## Aim of the exercise
All of the data that follows is to be printed exactly, without pictures.

## Exercise material
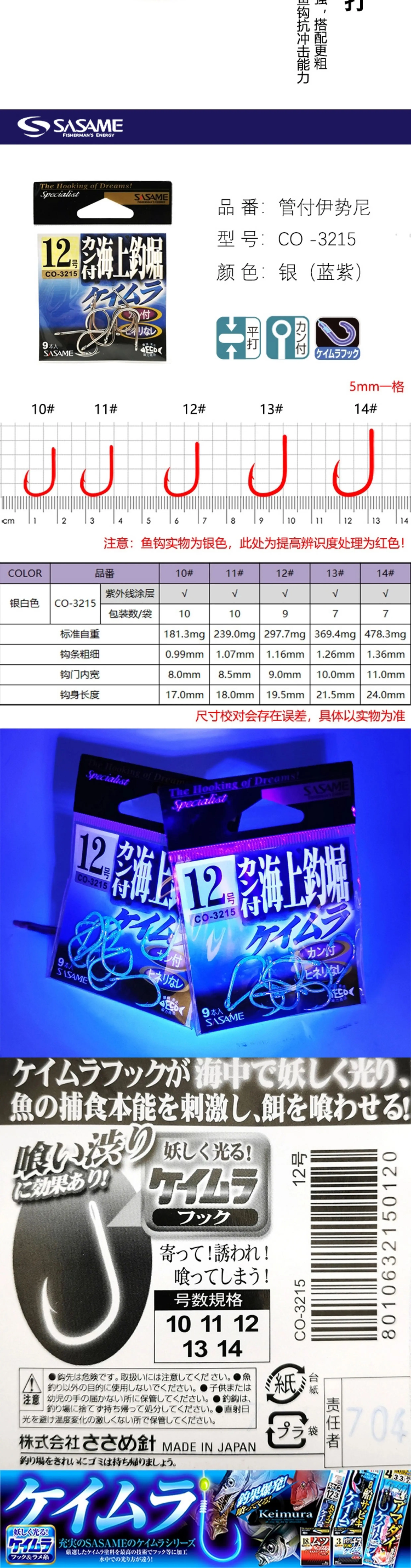 SASAME-anzuelo de pesca japonés Sand Mai, anzuelo afilado ultravioleta, CO-3215, tubo Senkai luminoso, Fu Isani, barco de pesca en el mar
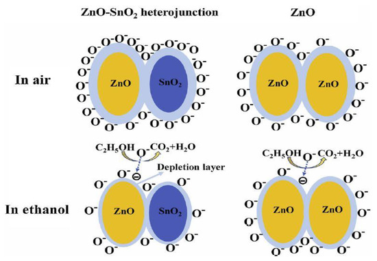 Scheme of the proposed detection mechanism for ZnO and ZnO-SnO2 [99]. Reproduced (2020) with permission from Elsevier.
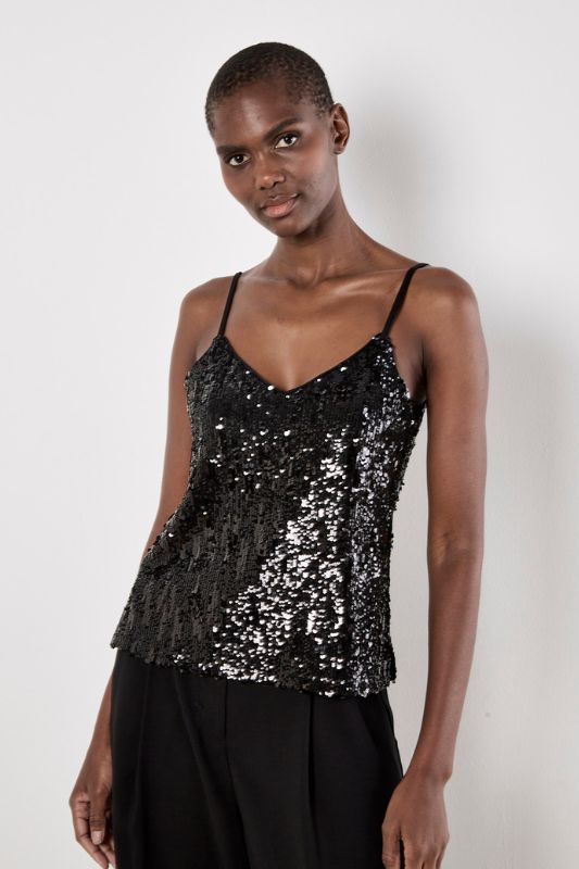 Add sparkle to your holiday wardrobe with this Sequin Cami Top. Its shimmering sequins catch the light, making it ideal for festive parties and special occasions. Lightweight and stylish, it's a chic choice to celebrate the season in style.
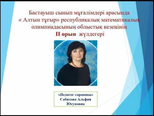 Бастауыш сынып мұғалімдері арасында « Алтын тұғыр» республикалық математикалық олимпиадасының облыстық кезеңінің II орын жүлдегері
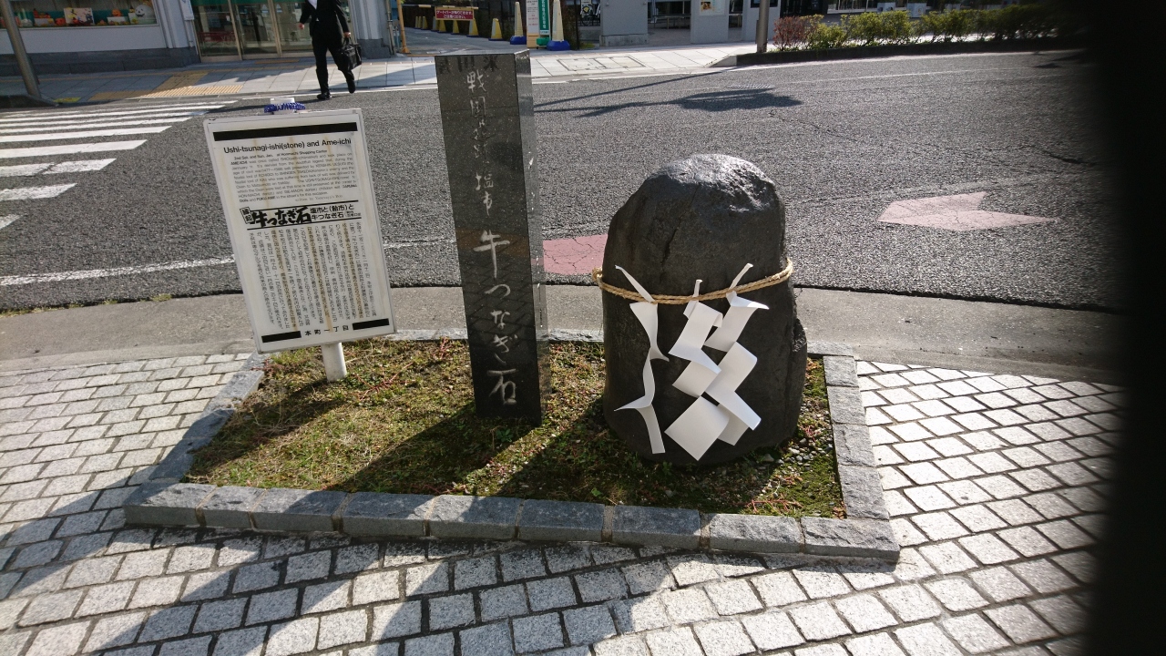 JR松本駅から松本城に向かう道路にある牛つなぎの石。これは牛をつないでいたものではありません。上杉謙信が武田信玄側に塩を送った「敵に塩を送る」にまつわる石だそうです。上杉謙信が送ったことで「塩市」が始まり、道祖神が塩を運んだ牛をつないだ石だと言われるようになったのがこの牛つなぎ石のいわれだそうです。歴史を学びながら、松本観光をしました。
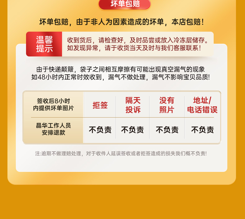 3.冷冻食品请确定好信息下单,下单后不支持7天无理由退换货/更改地址,部分更改地址需收取费用(费用快递收取),请留意
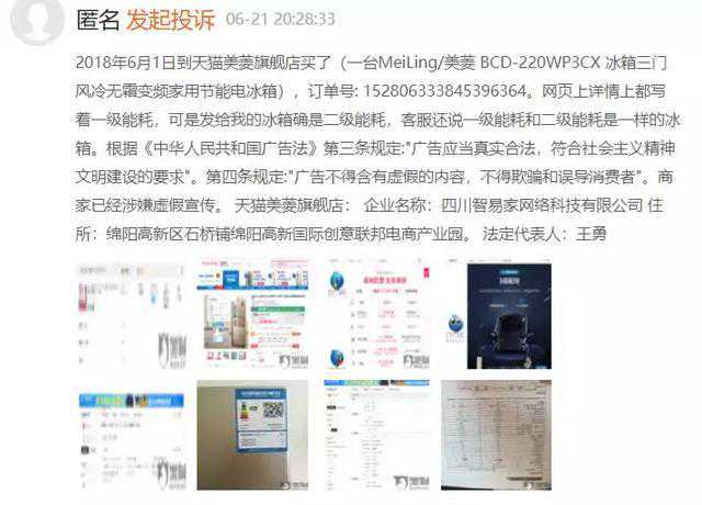最后,在宣传方面,美菱冰箱出现宣传能耗与实际产品不符的问题。有消费者吐槽,在天猫美菱旗舰店购买的冰箱,网页详情上标注着一级能耗,但到货的冰箱却是二级能耗。这位消费者认为,美菱冰箱涉嫌虚假宣传。
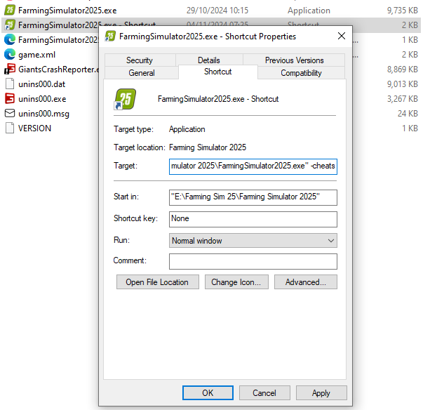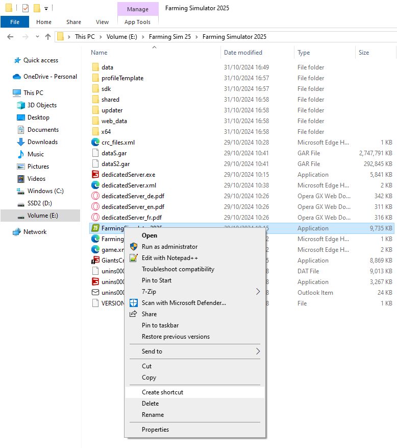 1. Abra sua Pasta do Farming Simulator 2025 e clique com o botão direito no FarmingSimulator2025.exe para criar um atalho
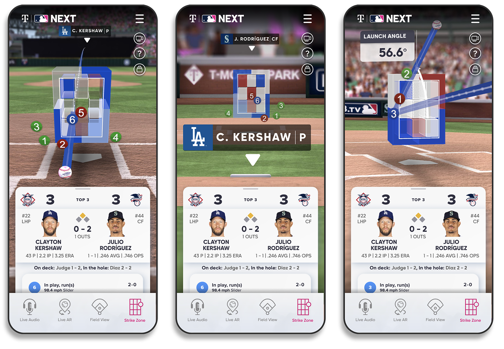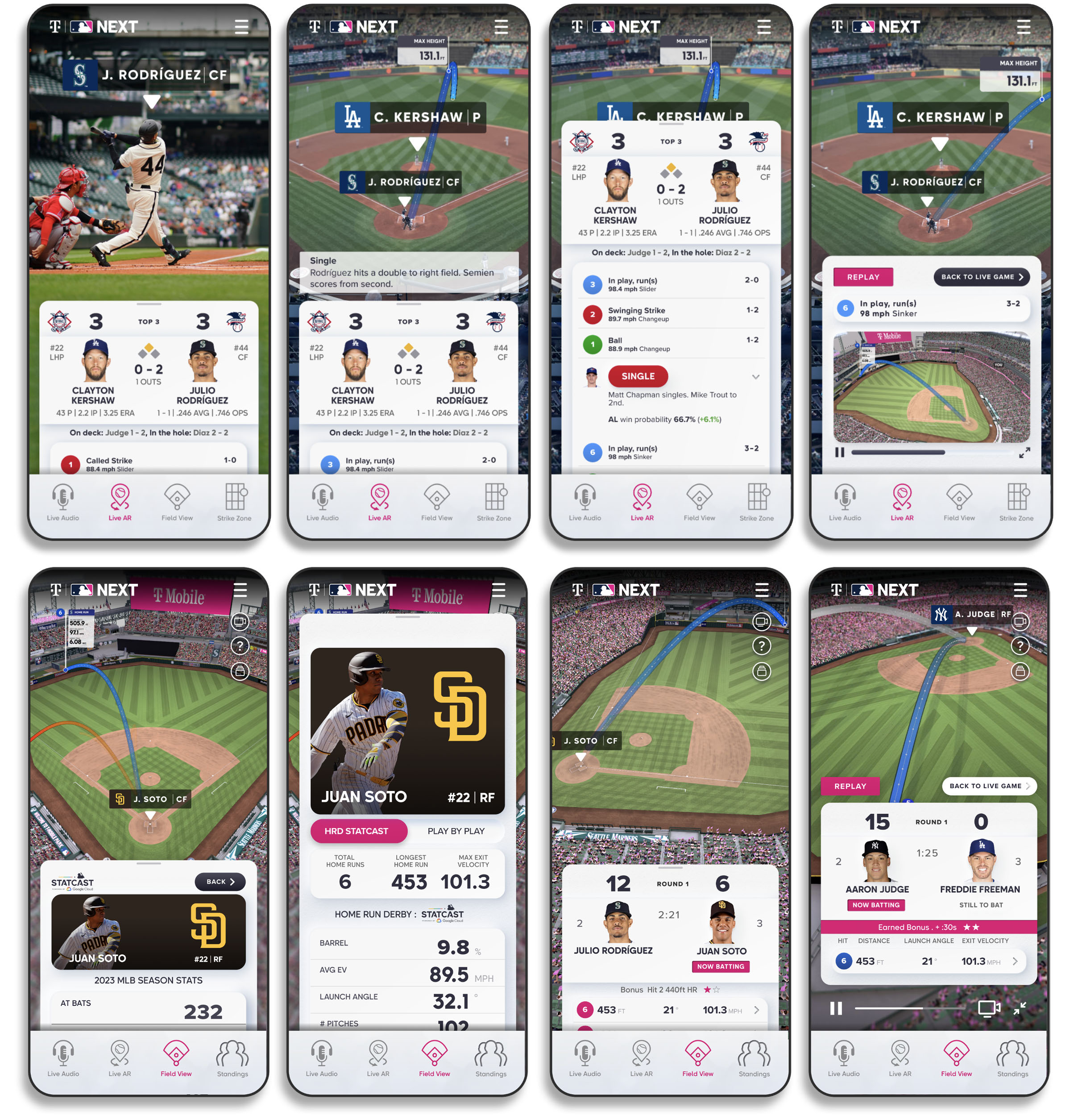 MLB Next, presented by T-Mobile, introduced real-time augmented reality to Major League Baseball for the very first time. Launched during the 2023 All-Star Week at T-Mobile Park, the app empowered fans with an unprecedented ability to explore pitch trajectories, follow ball flight, analyze defensive positioning, and access advanced stats — all overlaid directly onto the live field at 150 milliseconds (that’s 1/5th of a second!)
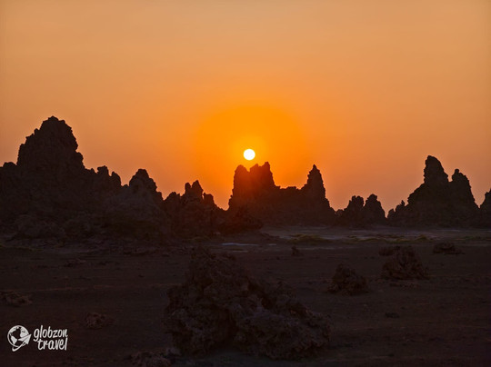 点评:To niesamowite jezioro położone w zapadlisku skalnym Afar na granicy Etiopii i Dżibuti .Oddalone jest o ok. 135 km na poł.-zachód od stolicy kraju .To typowe jezioro endoreiczne tworzące zamkniętą zlewnie .Wzrasta więc zasolenie jego wód a poza tym stale stopniowo wysycha przez prowadzone prace melioracyjne w jego okolicy . Słone jezioro otaczają przeróżne skalne formacje a na jego brzegach możemy obserwować stromatolity . Ten księżycowy krajobraz urozmaicają flamingi ,pelikany i inne wodne ptaki .Niektóre ze skalnych kominów dochodzą do 50 m wysokości .Obserwować tu można także zjawiska geotermalne w formie wyziewów czy gorących oparów. Zjawiliśmy się tu specjalnie wczesnym rankiem na wschód słońca . Było mnóstwo pozytywnych wrażeń . Niewątpliwa atrakcja ale trochę gorzej jest z bazą turystyczną w okolicy .My spaliśmy w pobliżu , w obozie ze "specjalnymi" namiotami i kilkoma murowanymi domkami .Można był nawet spać pod gołym niebem , choć był uciążliwy wiatr ale było ciepło .
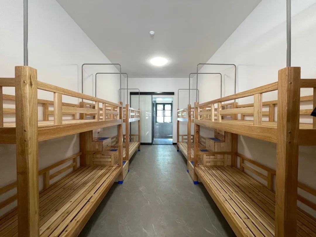 记者了解到,学校每个宿舍都配有高低床,住6-8人,每个人有一个柜子,床和柜子都是纯实木、环保材料。宿舍已经通过了一次环评检测,之后还会进行一次环评检测,请家长亲自参与,环评达标后学生才能入住。学校全部采用中央空调、新风系统,洗漱、厕所设施都很齐全。
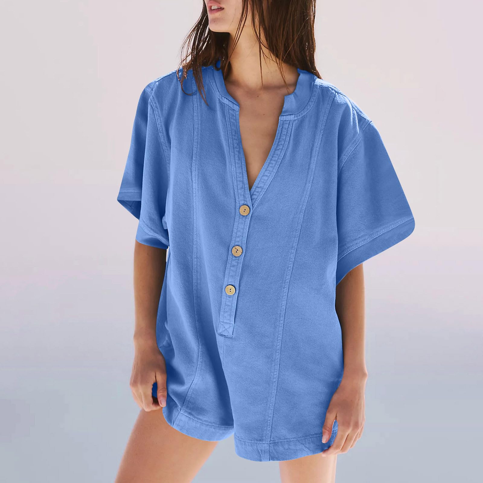 • Design Highlights - T shirt romper with cute and unique neckline design: super V-shaped back, but a simple and classic button down neck design from the front
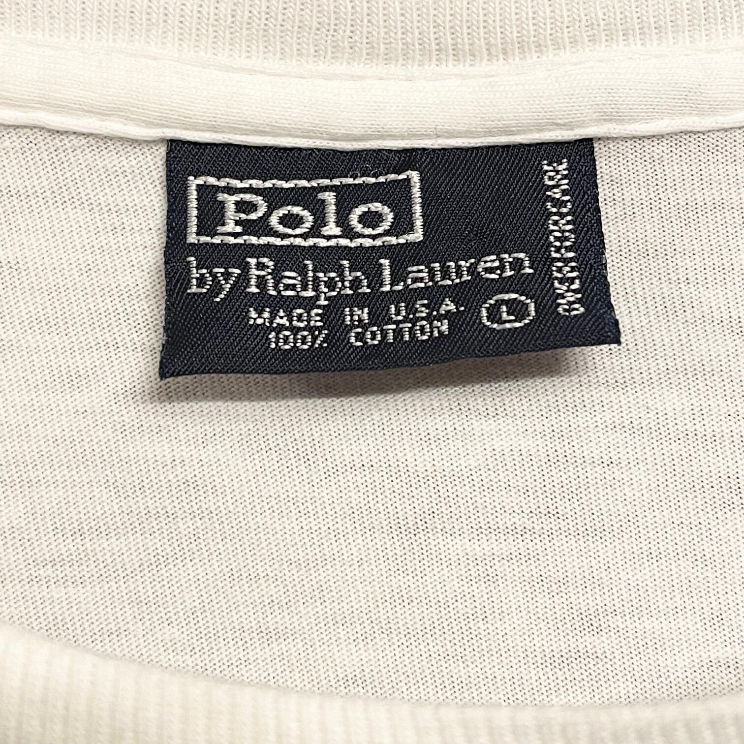 希少 MADE IN USA製 90s Polo by Ralph Lauren ポケット付き ポロ刺繍Tシャツ シングルステッチ ホワイト Lサイズ

## Task output
 SASAME-anzuelo de pesca japonés Sand Mai, anzuelo afilado ultravioleta, CO-3215, tubo Senkai luminoso, Fu Isani, barco de pesca en el mar
 Scheme of the proposed detection mechanism for ZnO and ZnO-SnO2 [99]. Reproduced (2020) with permission from Elsevier.
 Add sparkle to your holiday wardrobe with this Sequin Cami Top. Its shimmering sequins catch the light, making it ideal for festive parties and special occasions. Lightweight and stylish, it's a chic choice to celebrate the season in style.
 Бастауыш сынып мұғалімдері арасында « Алтын тұғыр» республикалық математикалық олимпиадасының облыстық кезеңінің II орын жүлдегері
 JR松本駅から松本城に向かう道路にある牛つなぎの石。これは牛をつないでいたものではありません。上杉謙信が武田信玄側に塩を送った「敵に塩を送る」にまつわる石だそうです。上杉謙信が送ったことで「塩市」が始まり、道祖神が塩を運んだ牛をつないだ石だと言われるようになったのがこの牛つなぎ石のいわれだそうです。歴史を学びながら、松本観光をしました。
 3.冷冻食品请确定好信息下单,下单后不支持7天无理由退换货/更改地址,部分更改地址需收取费用(费用快递收取),请留意
最后,在宣传方面,美菱冰箱出现宣传能耗与实际产品不符的问题。有消费者吐槽,在天猫美菱旗舰店购买的冰箱,网页详情上标注着一级能耗,但到货的冰箱却是二级能耗。这位消费者认为,美菱冰箱涉嫌虚假宣传。
 1. Abra sua Pasta do Farming Simulator 2025 e clique com o botão direito no FarmingSimulator2025.exe para criar um atalho
 MLB Next, presented by T-Mobile, introduced real-time augmented reality to Major League Baseball for the very first time. Launched during the 2023 All-Star Week at T-Mobile Park, the app empowered fans with an unprecedented ability to explore pitch trajectories, follow ball flight, analyze defensive positioning, and access advanced stats — all overlaid directly onto the live field at 150 milliseconds (that’s 1/5th of a second!)
 点评:To niesamowite jezioro położone w zapadlisku skalnym Afar na granicy Etiopii i Dżibuti .Oddalone jest o ok. 135 km na poł.-zachód od stolicy kraju .To typowe jezioro endoreiczne tworzące zamkniętą zlewnie .Wzrasta więc zasolenie jego wód a poza tym stale stopniowo wysycha przez prowadzone prace melioracyjne w jego okolicy . Słone jezioro otaczają przeróżne skalne formacje a na jego brzegach możemy obserwować stromatolity . Ten księżycowy krajobraz urozmaicają flamingi ,pelikany i inne wodne ptaki .Niektóre ze skalnych kominów dochodzą do 50 m wysokości .Obserwować tu można także zjawiska geotermalne w formie wyziewów czy gorących oparów. Zjawiliśmy się tu specjalnie wczesnym rankiem na wschód słońca . Było mnóstwo pozytywnych wrażeń . Niewątpliwa atrakcja ale trochę gorzej jest z bazą turystyczną w okolicy .My spaliśmy w pobliżu , w obozie ze "specjalnymi" namiotami i kilkoma murowanymi domkami .Można był nawet spać pod gołym niebem , choć był uciążliwy wiatr ale było ciepło .
 记者了解到,学校每个宿舍都配有高低床,住6-8人,每个人有一个柜子,床和柜子都是纯实木、环保材料。宿舍已经通过了一次环评检测,之后还会进行一次环评检测,请家长亲自参与,环评达标后学生才能入住。学校全部采用中央空调、新风系统,洗漱、厕所设施都很齐全。
 • Design Highlights - T shirt romper with cute and unique neckline design: super V-shaped back, but a simple and classic button down neck design from the front
 希少 MADE IN USA製 90s Polo by Ralph Lauren ポケット付き ポロ刺繍Tシャツ シングルステッチ ホワイト Lサイズ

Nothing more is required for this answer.